Acaba bir gün CHP “iletişim”cileri bu yazınızı zahmet edipte okur mu? Ya gerçekten düşününce aslında en temel en basit ve en olması gerekeni yazmışsınız. Öyle ki bu işi size verseler çok daha derin bir planlama yapacağınızdan şüphe yok ancak reklamcılığımız ve insan kalbine, zihnine dokunma stratejilerimiz hep “aşırmak” üzerineyken, at gözlüklerinden sıyrılmak çok zor gözüküyor.
Yazınızı beğendim, önemli noktalar değinmişsiniz ama 1 ve 4 numaralı reklamların yanlış yerlere çekilerek bazı kişiler tarafından dezenformasyona uğratılarak karşı gol atılacağına o kadar eminim ki.

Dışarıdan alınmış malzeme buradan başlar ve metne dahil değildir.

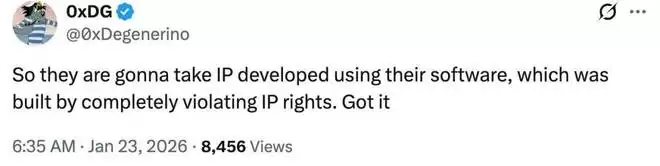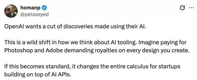 有人认为,这可能是对 AI 工具化认知的一次巨大颠覆。想象一下,如果你在使用 Photoshop,而 Adobe 却要求对你创作的每一件设计作品抽成。

Bunların dışında bahsettiğiniz kitlenin izlediği TV programlarında da anti propaganda yapılacağını düşünürsek ve muhalefetin elinde bu tarz(tv programı) bir propaganda seçeneği olmadığı için istenin etkiyi yaratabileceğini sanmıyorum.
Ama reklamlarınız acımasız ve bir o kadar etkili yöntemler.